Updated April 27, 2020 at 5:00 p.m. 

The Coronavirus Aid, Relief, and Economic Security Act (the CARES Act), signed by President Trump on March 27, 2020, is a sweeping $2 trillion stimulus bill intended to provide individuals, businesses, healthcare providers, nonprofits, and state and local governments with economic and other relief from the ravages of COVID-19. Among the most notable provisions in the CARES Act is the creation of a new Small Business Administration (SBA) loan program – the Paycheck Protection Program (PPP), to which the federal government has allocated $349 billion.

Many prospective borrowers are already familiar with the general terms of the program – loan amounts equal to 2.5x payroll costs, principal forgiveness for amounts used for eligible purposes, and waiver of collateral and personal guaranty requirements. However, new rules and guidance are being released at a rapid pace. Through this daily legal update, MMM will be answering our clients frequently asked questions regarding the PPP. If you would like to get up to speed on the CARES Act’s PPP program, please refer to our white paper or our FAQ on general eligibility for PPP loans.

[NEW] Is a borrower eligible for a PPP loan even if it doesn’t “need” the funds?

No. Applicants are required to certify as part of their loan application that “current economic uncertainty makes this loan request necessary to support the ongoing operations of the [a]pplicant.” The SBA has stated that a borrower must make this certification “in good faith, taking into account their current business activity and their ability to access other sources of liquidity sufficient to support their ongoing operations in a manner that is not significantly detrimental to the business.” While the inability to obtain credit elsewhere is not a prerequisite for eligibility under the PPP, public companies with substantial market value and access to capital markets, or businesses owned by large companies with adequate sources of liquidity, are likely ineligible. Notably, the SBA has extended a “safe harbor” option to borrowers that have obtained PPP loan proceeds and now believe they do not need them. Any borrower that applied for a PPP loan prior to April 23, 2020 that repays the loan in full by May 7, 2020 will be deemed by the SBA to have made the required need certification in good faith, thus exempting the borrower from liability under the False Claims Act or other applicable laws.

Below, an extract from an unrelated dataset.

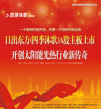 2012年5月21日,四季沐歌強勢登陸上海A股市場(股票名稱:日出東方;股票代碼:603366),兩市節(jié)能減排概念股再添“光熱”生力軍。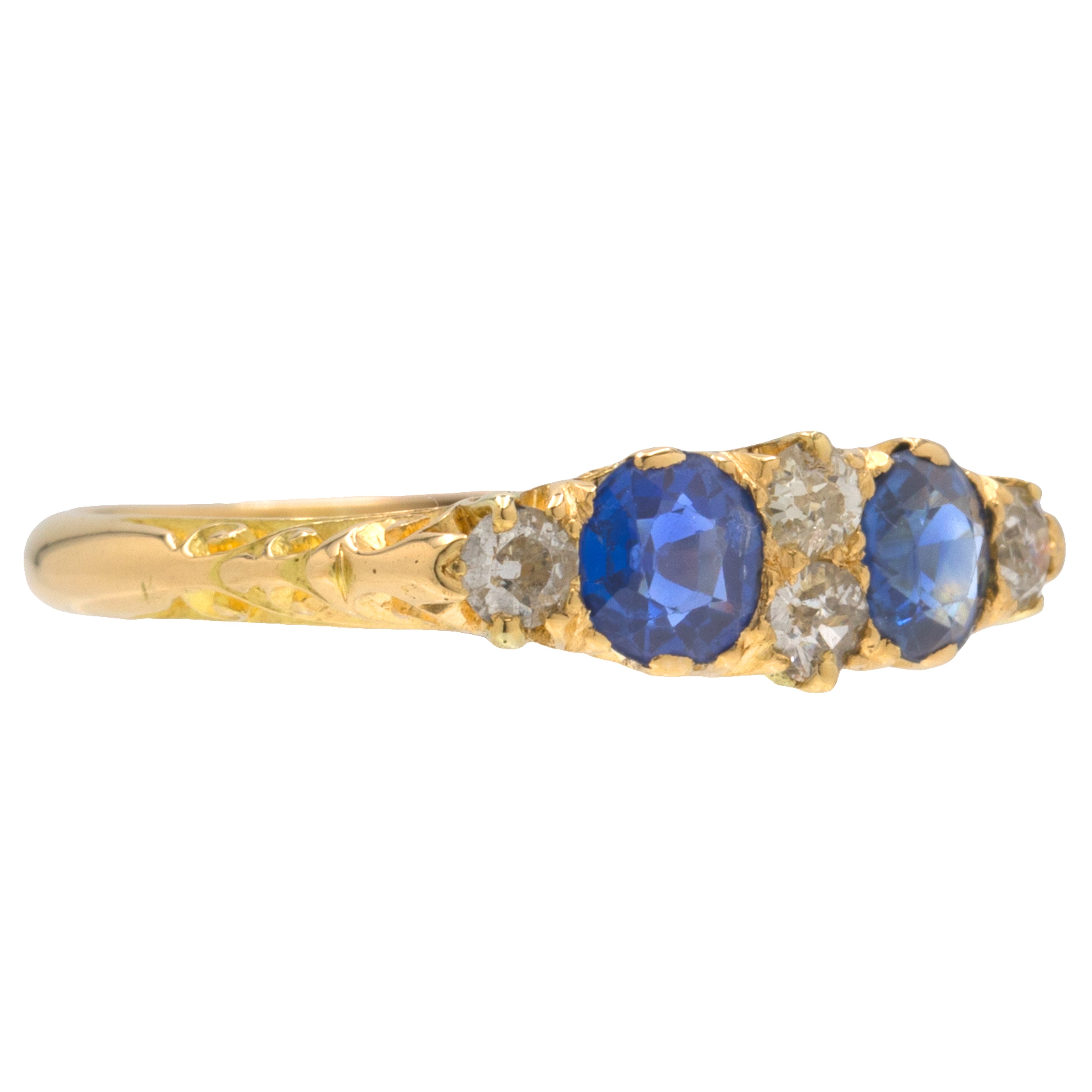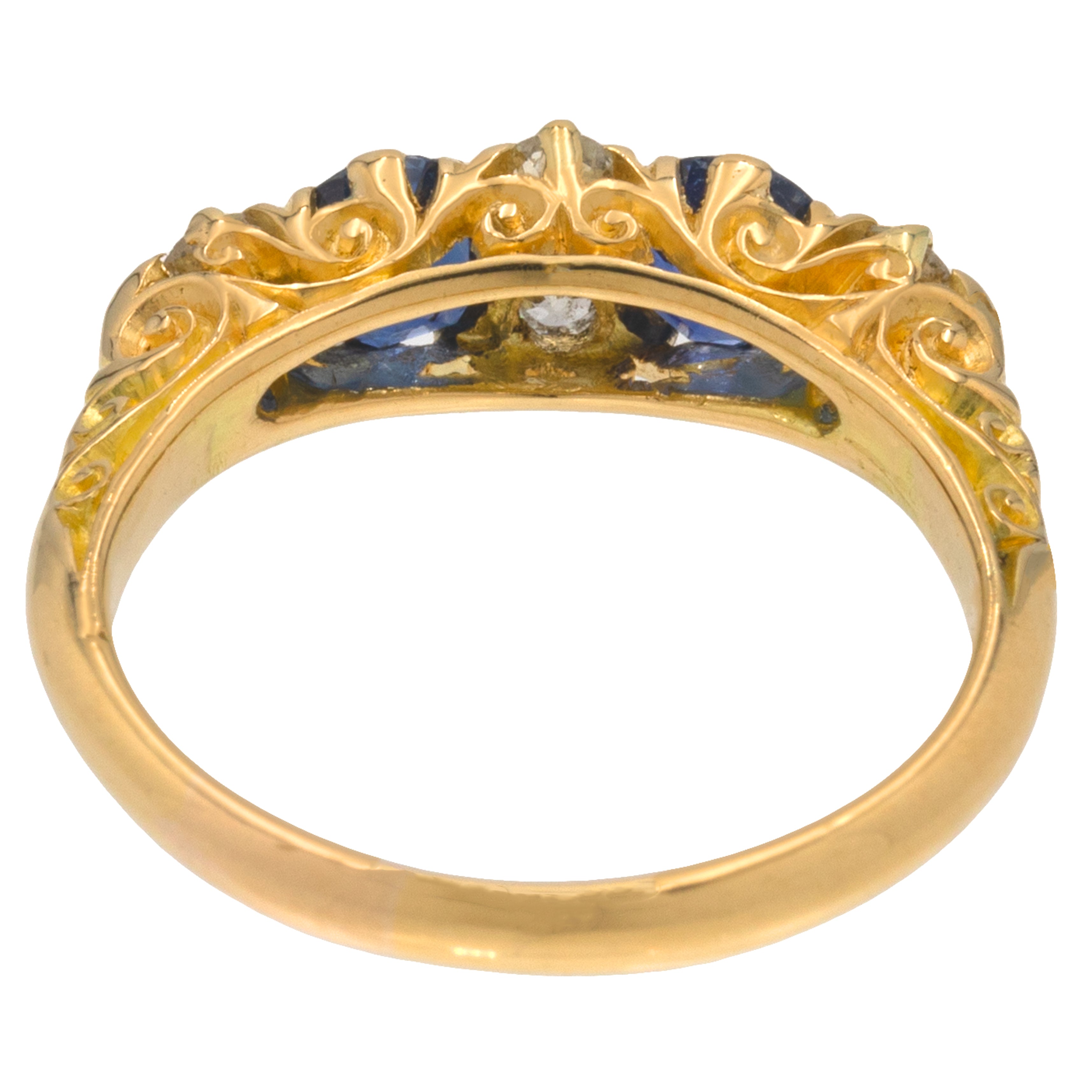 VERY GOOD TO EXCELLENT: We are pleased to present this antique Victorian 18ct Gold natural Sapphire Diamond boat ring in excellent condition. The 18ct Gold is brightly saturated and the engraved details have remained crisp. There is one minor nick to the inside of the band, but this is not noticeable when the ring is being worn. The Sapphires & Diamonds make for a lovely pairing, all free from any chips and securely set. This ring is ready to be cherished for generations to come!

[NEW] Is a borrower eligible under the PPP if it has more than 500 employees but otherwise qualifies as a “small business concern” under the Small Business Act?

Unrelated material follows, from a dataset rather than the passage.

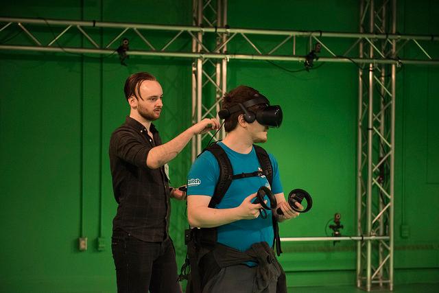 OHIO student Will Gray (left) sets up student Peter Vertin (right) to play his virtual reality game titled, "Atlas," in the GRID Lab open house during the Business of Games Summit on Friday, Feb. 22, 2019. Gray said he spent about four months designing the game.
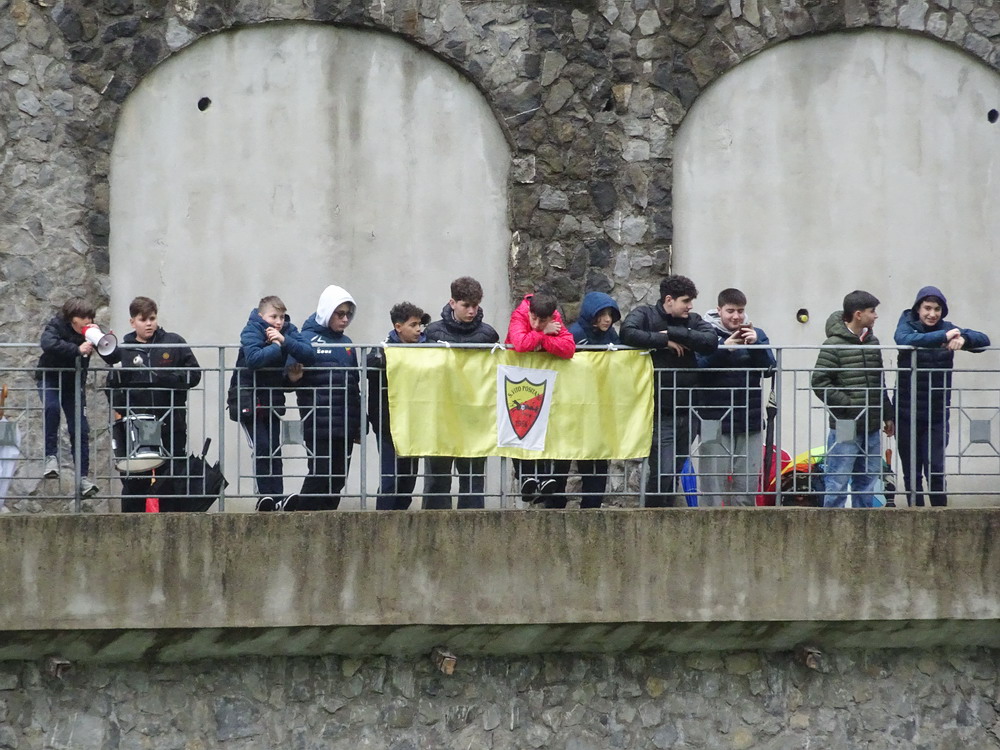 Mit Spielbeginn ließ der Regen nach und hörte wenig später ganz auf. Zur angesprochenen Kulisse rund um die Spielstätte braucht man nicht viel erläutern, die Bilder erübrigen jede Beschreibung. Das tiefgelegene Spielfeld vermittelt zudem den Eindruck einer Arena aus der Zeit des römischen Reiches, so dass man eher darauf wartet, dass die Löwen eingelassen werden, anstelle zweier Fußball-Teams. Die aus einem guten Dutzend Teenagern bestehende Anhängerschaft ließ Rauchsäulen in den Vereinsfarben in den beinahe windstillen Himmel aufsteigen und unterstützte die Mannschaft dann mehr oder weniger ausdauernd unter Anleitung eines Jung-Capos und eines Trommlers, der offensichtlich noch in der Lernphase ist. Der Support konnte mit den visuellen Rahmenbedingungen also nicht mithalten, aber der Wille war erkennbar. Immerhin ließ die Heimmannschaft ihre jugendlichen Fans über einen durchaus verdienten Dreier jubeln. Die Partie der zweithöchsten Regional-Spielklasse, landesweit sechstklassig, war unerwartet technisch anspruchsvoll und besser anzusehen, als manche Veranstaltung auf höherem Niveau.

Yes. In addition to the expanded eligibility criteria established by the CARES Act (i.e., 500 employee threshold), borrowers may avail themselves of traditional tests for eligibility under the SBA’s Section 7(a) lending program, including industry-specific employee and revenue tests (see here). A borrower may also qualify if it meets both tests in the SBA’s “alternative size standard” as of March 27, 2020: (1) maximum tangible net worth of the business is not more than $15 million; and (2) the average net income after Federal income taxes (excluding any carry-over losses) of the business for the two full fiscal years before the date of the application is not more than $5 million.  The SBA’s affiliation rules continue to apply to all size tests.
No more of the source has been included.